The other day, my husband and I went for a walk with our little one. The skies were clear and it was an exceptionally warm spring day.
As we approached a steep hill, we strapped our little one into her stroller.
With my husband handling the stroller, we began the descent, thankful for the well-paved path.
My husband, being much taller than I am, let the incline carry him faster and faster. I hastened to keep up.
I laughed. “You and your long legs. You can go so much faster than me.”
Slowing so I could keep up, my husband replied, “Our little one could go faster than either of us if I let her.”
I glanced down the rest of the hill. He was right. If allowed to, the stroller, with our little one in it, had the potential to gain tremendous speed. That is, until it reached the first bend in the path and toppled.
I wasn’t worried. I knew my husband and his deep desire for our daughter to have the best. I knew he would protect her from such a traumatic accident.
“I’m glad you don’t let her reach her full potential,” I replied lightly.
How ironic. Typically we want our children to reach their full potential, but here my husband was holding our daughter back and I was glad.
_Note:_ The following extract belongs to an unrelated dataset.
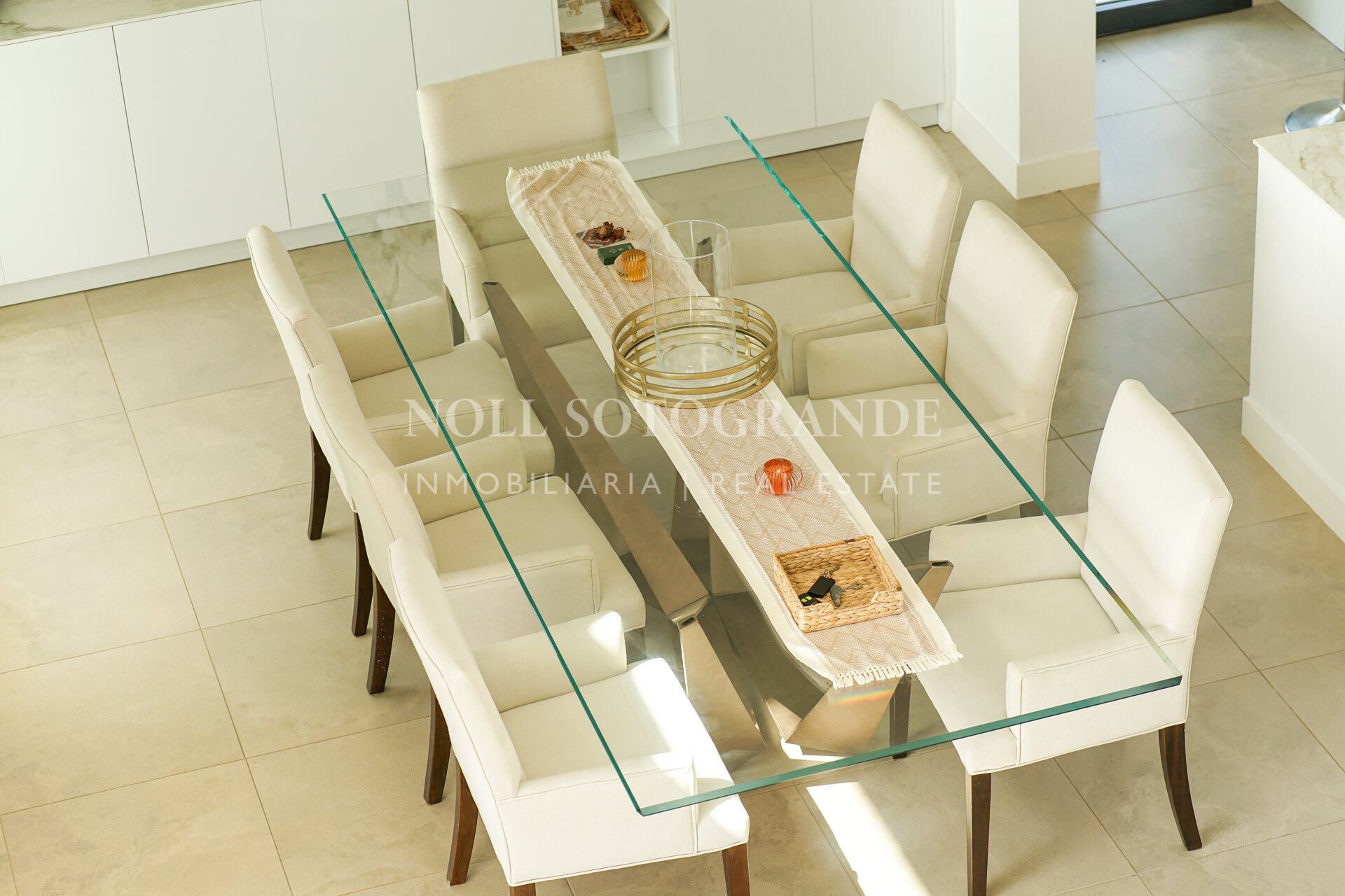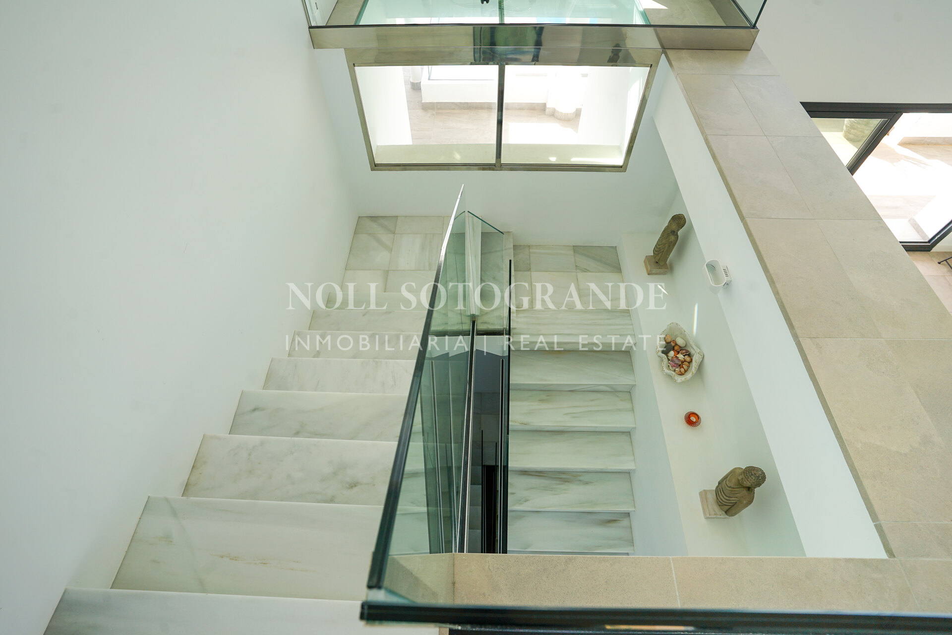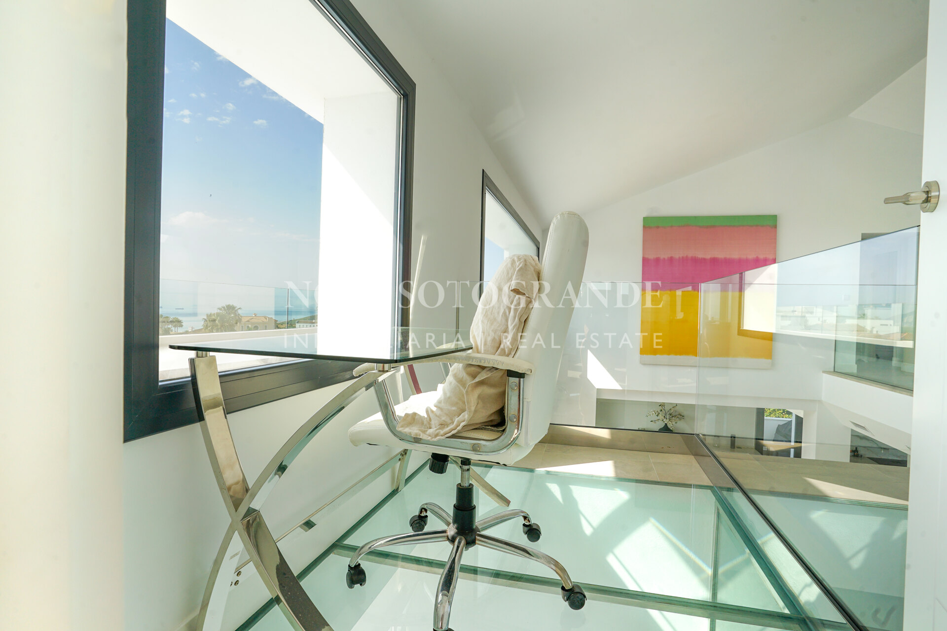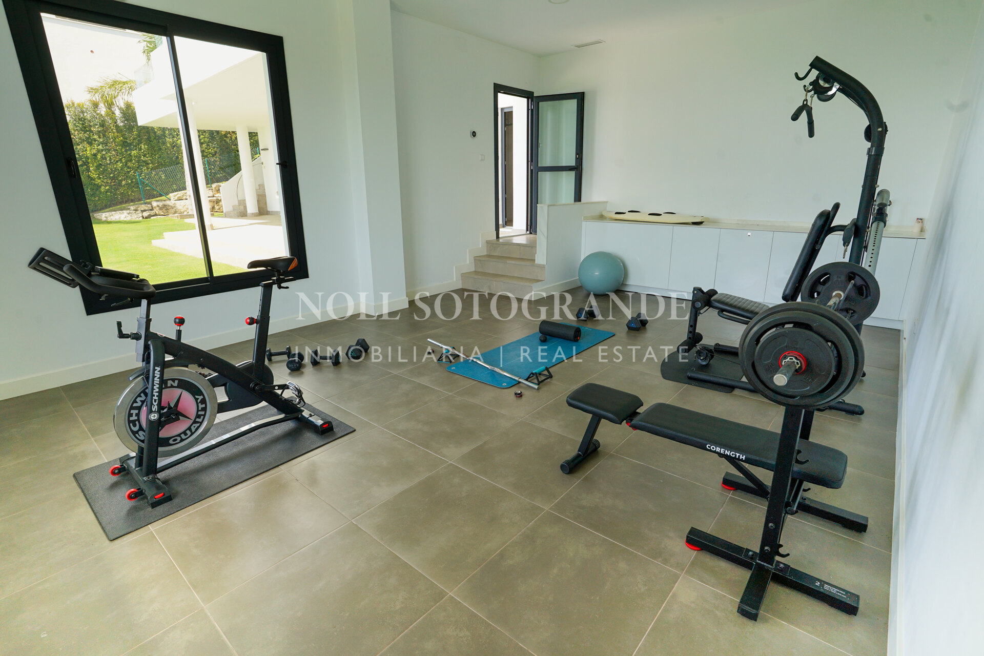 The property offers approximately 500 m² built and is distributed across several levels designed to maximise natural light and views. The villa includes four bedrooms, three with en-suite bathrooms, plus a private office that can be converted into a fifth bedroom with its own bathroom if required. The main living area consists of a spacious open-plan living and dining room with large sliding glass doors connecting to the covered terraces. The kitchen is fully equipped with high-end appliances and provides direct access to the outdoor barbecue area. A separate TV room, private gym and steam room are also part of the layout.

That got me thinking. Sometimes I feel stuck – like I’m chomping at the bit – unable to reach my full potential.
Could it be that God, my Father, is the one holding me back? Could His plans be different than mine?
The Bible says:
“As the heavens are higher than the earth,
so are My ways higher than your ways
and My thoughts than your thoughts.”
(Isaiah 55:9 NIV)
Do I really believe God knows better than me?
Sometimes I feel stifled in my growth and in what I am able to do. If I were a full-time writer, just think how many books I could produce! However, most of my time is spent caring for my family and keeping house. These are very good things, and I typically enjoy them. Yet they hold me back from what could be my full potential in a different set of circumstances.
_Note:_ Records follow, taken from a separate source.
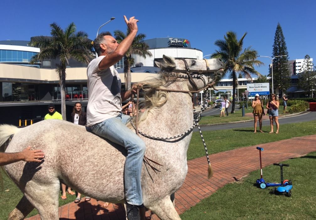 The 52-year-old handed himself into Tweed Heads police on Monday and has been issued a 3000 penalty infringement notice by NSW Police and a 4135 fine by Queensland Police. A protestor at an anti-lockdown protest on the Gold Coast being taken into custody by police. 19 hours agoA movie stuntman who rode a horse in two different lockdown protests says he lost his job after.
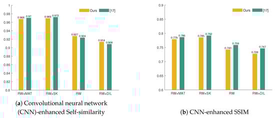 Hence, drawing from the insights of [37,38], we validate our method with three metrics that measure the similarity between features maps that were extracted with the pretrained AlexNet for the ground-truth and inpainted images; Self-Similarity based on Pyramid Histogram of Oriented Gradients [37], CNN-enhanced PSNR, and CNN-enhanced SSIM [38]. Figure 13 displays the global performance of these metrics (pooled from the intermediate results at each convolutional layer). Based on CNN-enhanced PHOG self-similarity (Figure 13a), our method slightly outperforms [17] for bigger areas of damage (RW, RW+DIL). However, the overall values of CNN-enhanced PSNR and SSIM for [17] are better than ours. Nonetheless, we continue the analysis by exploring the internal representations of these metrics and study their performance for each convolutional layer. In this sense, one important finding of [37,38] is the proportionality between the order of the convolutional layer and the correlation with subjective scores. Thus, the first convolutional layer, because of embedding lower-level features, is farther away from human perception than the fifth convolutional layer that embeds higher-level features. Figure 14b,c show that the CNN-enhanced SSIM and PSNR for convolutional layers 2–5 are better for our method in comparison with [17], even for larger missing content (RW, RW + DIL). We could further infer that what draws back the pooled overall results for our method (Figure 13c and Figure 14b) is explained by the poorer performance of the first convolutional layer only. This suggests that our method preserves more of the mid-level and higher-level features in restoring the original images. It is noteworthy to relate these findings with a study on color responsivity of AlexNet [40], where it is claimed that all layers have color responsivity in a trend that decreases from first convolutional layer to the fourth one and then rises back in the fifth layer. Accordingly, the highest color responsivity is given by the first and last layer. Nonetheless, the first layer deals with a basic encoding of the color signal, while the last layer responds to more complex color encodings. Therefore, we could extrapolate that, based on the higher performance of all CNN-based metrics for the last convolutional layer, our method handles better complex entanglements between spatial and chromatic signals.
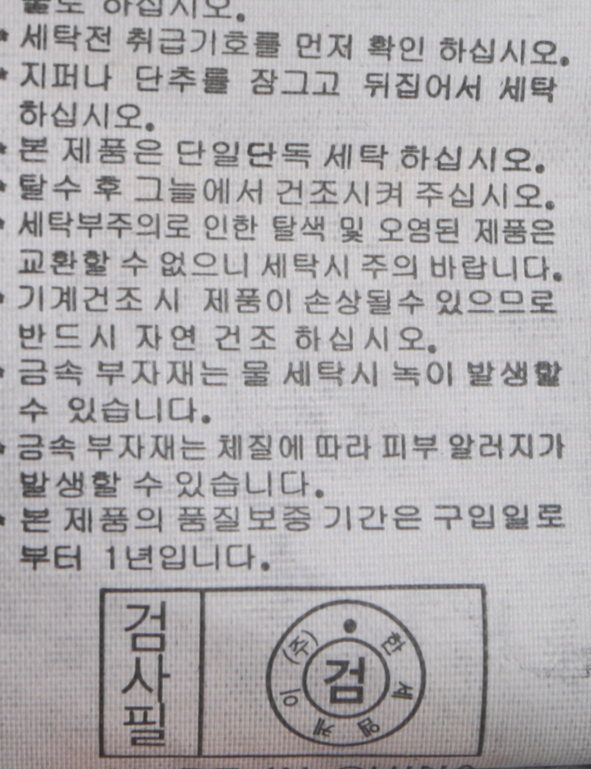 세탁방법 및 취급시 주의사항 본 제품은 손세탁 하십시오.(케어라벨참고)
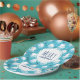 Papier Teller mit einem niedlichen Weihnachtsmuster mit Eisbären, die auf schwimmendem Eis mit roten Weihnachtsmannmützen stehend sind. Kleine Iglus, Schneeflocken und Fische umgeben diese bezaubernden Eisbären, die auf dem Wasser abkühlen. Hellblauer Hintergrund. Niedliche und skurrile Urlaubsplanung. Frohe Weihnachten in einem weißen Kreis geschrieben.
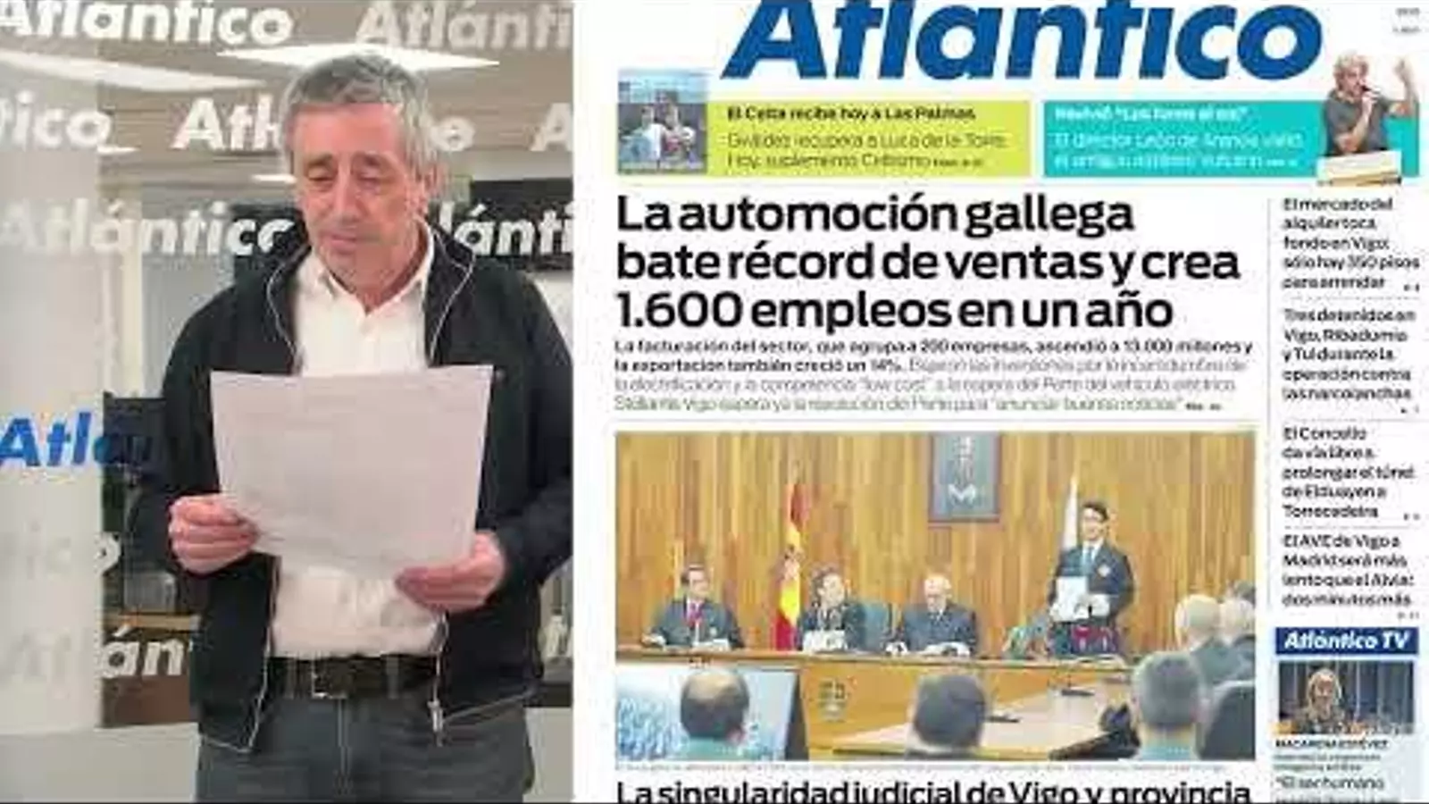 La automoción gallega bate récord de ventas y crea 1.600 empleos en un año abre la portada de Atlántico del sábado 20 de abril. La otra información destacada es para la singularidad judicial de Vigo y provincia, el fiscal general del Estado, García Ortiz, puso al Ministerio Público vigués como ejemplo de gestión de un mapa “complicado” y animó al nuevo jefe del área, Óscar Vallejo, a mantener la colaboración.
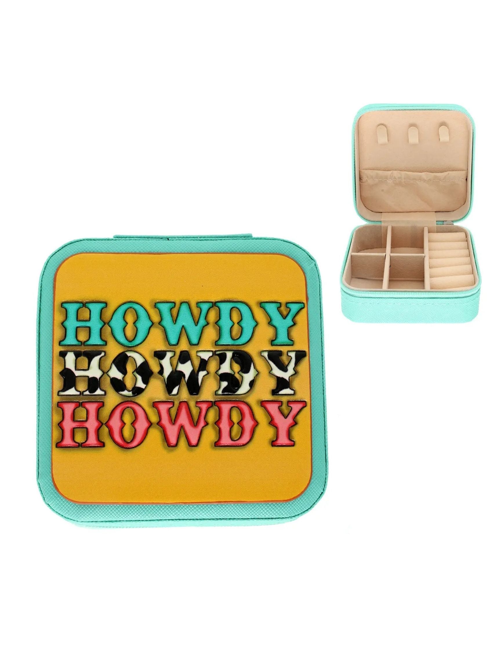 Say howdy to the Howdy Hideaway Box, a charming travel-sized accessory for any cowgirl’s collection. Crafted from genuine leather with a beautiful western "Howdy" tooling design, this jewelry box ensures your treasures stay safe while on the move. With its rustic, western charm, this box is a perfect blend of function and style.
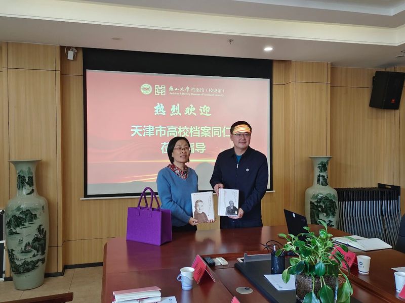 燕山大学档案馆馆长逯宝峰首先代表学校对学会一行表示热烈欢迎,介绍了燕山大学档案工作整体情况和高水平数字档案室建设工作。南开大学档案馆馆长袁伟代表天津高校档案同仁衷心感谢燕山大学档案馆的精心准备和细致讲解,并向燕山大学档案馆同仁赠送了《铅字流芳大先生——近代报刊中的张伯苓》《张彭春文集·日记卷》等南开特色档案编研成果。

Don’t get me wrong. There is a time to change things up. A season to put some things aside so I can focus more on what God would have me pursue at that time.
There is also a time to embrace where God has put me now and learn to thrive in it. Like a plant flourishing where it is planted, not pining to be transplanted or let loose.
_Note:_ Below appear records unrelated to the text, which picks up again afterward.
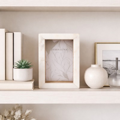 Decorative Mango Wood Picture Frame with Marble Border for Home Decor - Modern Photo Frame for Entryway, Bedroom, and Room Decor
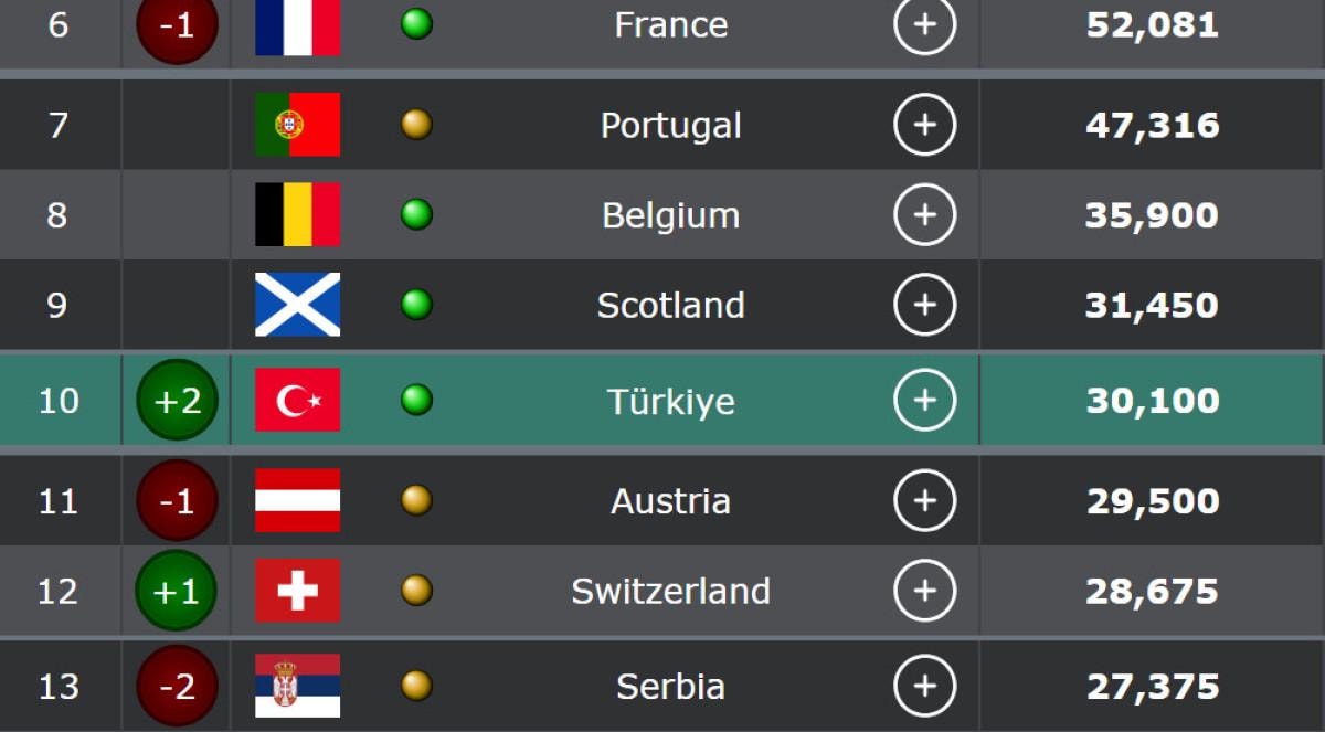 İşte UEFA'nın ülke puanı katsayılarını listelediği sıralamada son durum:
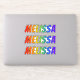 Este design vibrante, multicolorido e divertido adesivo apresenta o nome comum ou o nome próprio "MELISSA", com as letras do nome tendo um padrão colorido de gradiente inspirado no espectro do arco-íris colorido. Pode ser um presente divertido dar a alguém cujo nome é Melissa. [~Z0000361]

How do I respond when I feel held back from what I believe to be my full potential? Do I pout and mope? Do I dare to criticize God? Or do I take my frustration straight to God, telling Him how I feel, then trusting that He knows best?
If He wants me to do more, He will give me what I need for it when the time is right. I am thankful God is patient with me every time I forget this.
Indeed, there may be a time when it is good for my daughter to move at tremendous speeds – such as when her daddy teaches her to drive. Such speeds are beyond her one-year-old comprehension. That day in the stroller, to go zooming off down the path would have ended badly. It was beyond her ability to handle that speed in that circumstance. Her daddy understood this so he held her back.
God understands what is beyond my ability to handle right now. His holding me back from what I believe to be my full potential is because He knows best. He knows my true potential.
But, wait. Is this a Biblical principle? I’m glad you asked. Here are some examples of people in the Bible whom, I suspect, felt God was holding them back from their full potential, or at least from the life they felt called to or desired. Let me know in the comments if you agree.
David was a shepherd boy – a nobody. One day a prophet anointed David telling him that he would be the next king. At some point after that, David became a servant of the current king, Saul. Then things turned nasty. King Saul tried to kill David. For years David was running for his life. During that time, do you think David ever felt held back from his full potential – the thing God had called him to? Yet it was more than 10 years between the time God called him and when he finally became king. (1 Samuel 16 – 2 Samuel 5)
The demon-possessed man Jesus healed in Luke 8 also comes to mind. He wanted to follow Jesus.
“The man from whom the demons had gone out begged to go with Him, but Jesus sent him away, saying, ‘Return home and tell how much God has done for you.’ So the man went away and told all over town how much Jesus had done for him.” (Luke 8:38-39 NIV)
Finally, I think of the Apostle Paul. Something was holding him back from what he felt was his full potential. Bible commentators vary in their speculation of what that something was. Whatever it was, it felt like a weakness – a hindrance. Paul wrote about it in 2 Corinthians 12:7b-9:
“I was given a thorn in my flesh… Three times I pleaded with the Lord to take it away from me. But He said to me, ‘My grace is sufficient for you, for My power is made perfect in weakness.’ Therefore I will boast all the more gladly about my weaknesses, so that Christ’s power may rest on me.” (NIV)
Today, in the midst of a culture urging me to push harder and reach bigger, may I rest in the fact that God knows what He is doing. His timing is perfect. May I thrive in this season right now.
As the well-known proverb puts it:
“Trust in the Lord with all your heart,
and do not rely on your own understanding;
in all your ways know Him,
and He will make your paths straight.”